La vie des disciples pour Jean consiste en l’amour les uns des autres, c’est-à-dire à vivre de la vie même de Dieu, c’est-à-dire habiter en Dieu, demeurer en Dieu.
Qui dira que l’évangile de Jean est difficile ? Un simple repérage lexical mène à la théologie. Mais, il est vrai, être disciple oblige à parler une nouvelle langue. Jésus oblige à dire le monde et la vie de façon nouvelle, ou plutôt renouvelée, convertie.
Nous ne sommes pas les premiers à faire jaillir la vie des mots, du verbe « demeurer ». Dans la première moitié du 12ème siècle, Guillaume de Saint Thierry écrivait : « Ô vérité, réponds, je t’en prie.

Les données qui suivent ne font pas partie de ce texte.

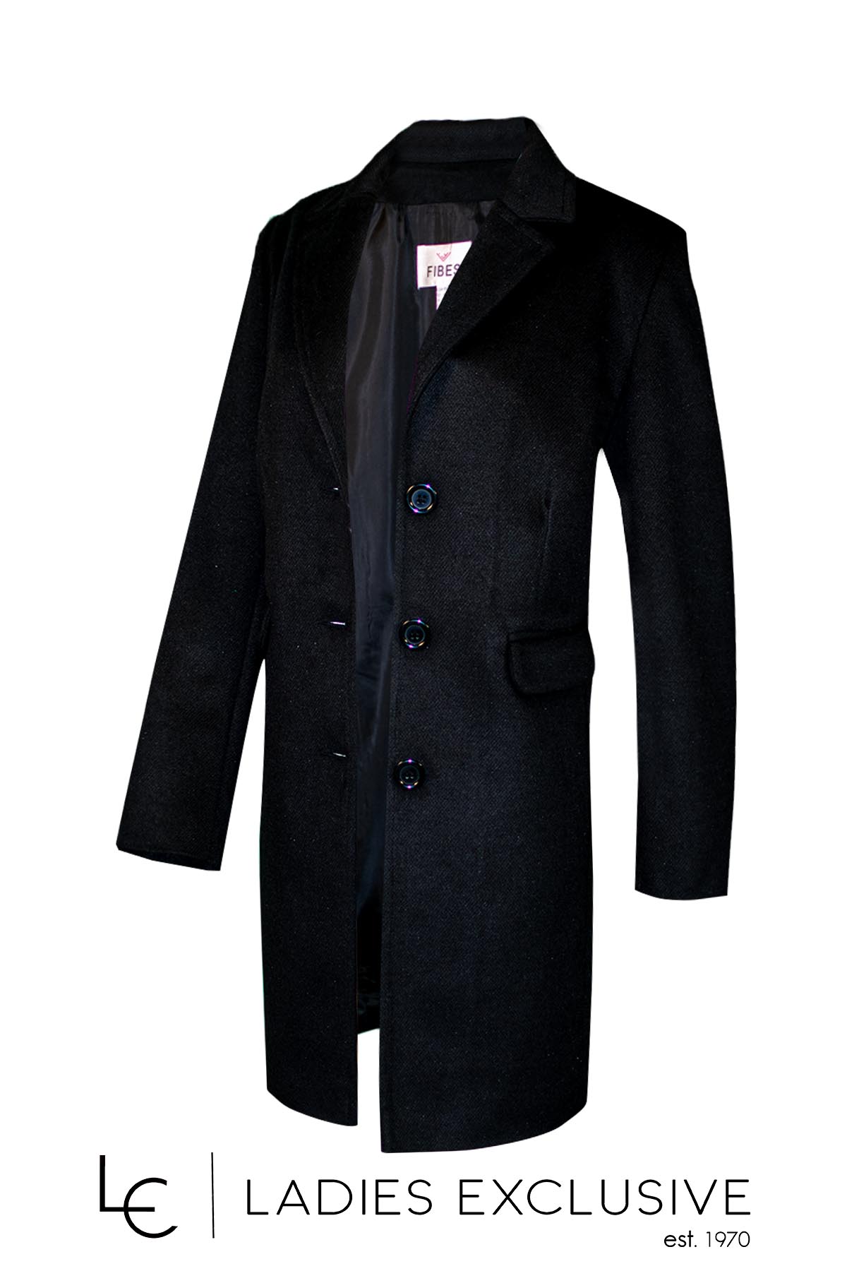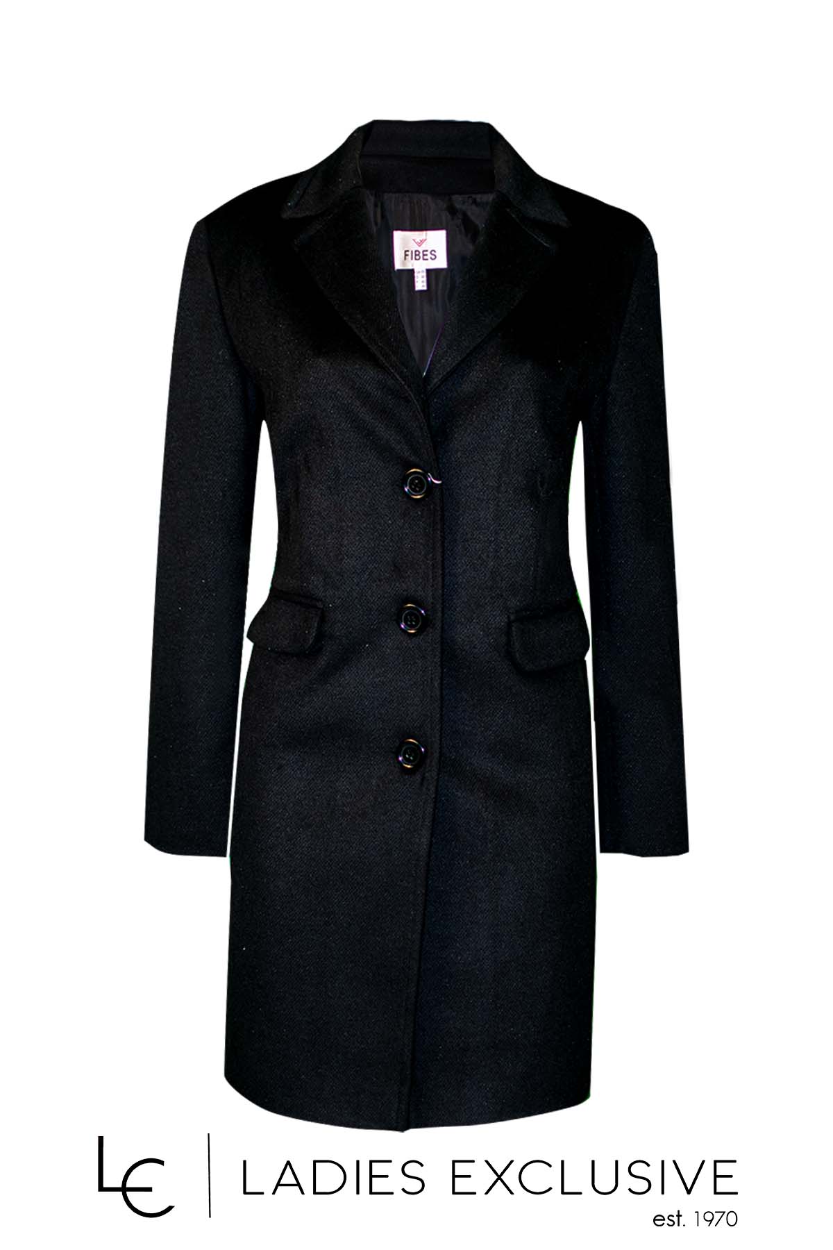 FIBES Ημίπαλτο μαύρο με τσέπες με καπάκια.

Maître, où habites-tu ? "Viens, dit-il, et vois. Ne crois-tu pas que moi, je suis dans le Père et que le Père est en moi ?" Grâces à toi Seigneur! ce n'est pas rien, ce à quoi nous sommes parvenus : ton lieu, nous l’avons trouvé. Ton lieu, c’est ton Père ; et encore le lieu du Père, c’est toi. [...] Cette localisation, c'est l'unité du Père et du Fils, la consubstantialité de la Trinité. » Les disciples sont invités à se rendre chez le maître, qui n’est pas un lieu. Que trouvent-ils ? Le Père lui-même dans le Fils ou l’inverse, le Fils dans le Père. C’est là qu’ils sont conviés. Dieu est un lieu, le milieu dans lequel on vit dès lors que l’on suit Jésus, qu’on aime les frères.
En ce temps pascal, il faut aller jusqu’à la fin de l’Evangile, au Golgotha. « Pour éviter que les corps demeurent sur la croix. » C’est sûr, la demeure de Jésus n’est pas la mort, il ne peut demeurer sur la croix un instant de plus. « L’arbre de la croix indique le passage » seulement. Il demeure en nous comme il demeure dans le Père. Nous demeurons en lui comme le Père demeure en lui.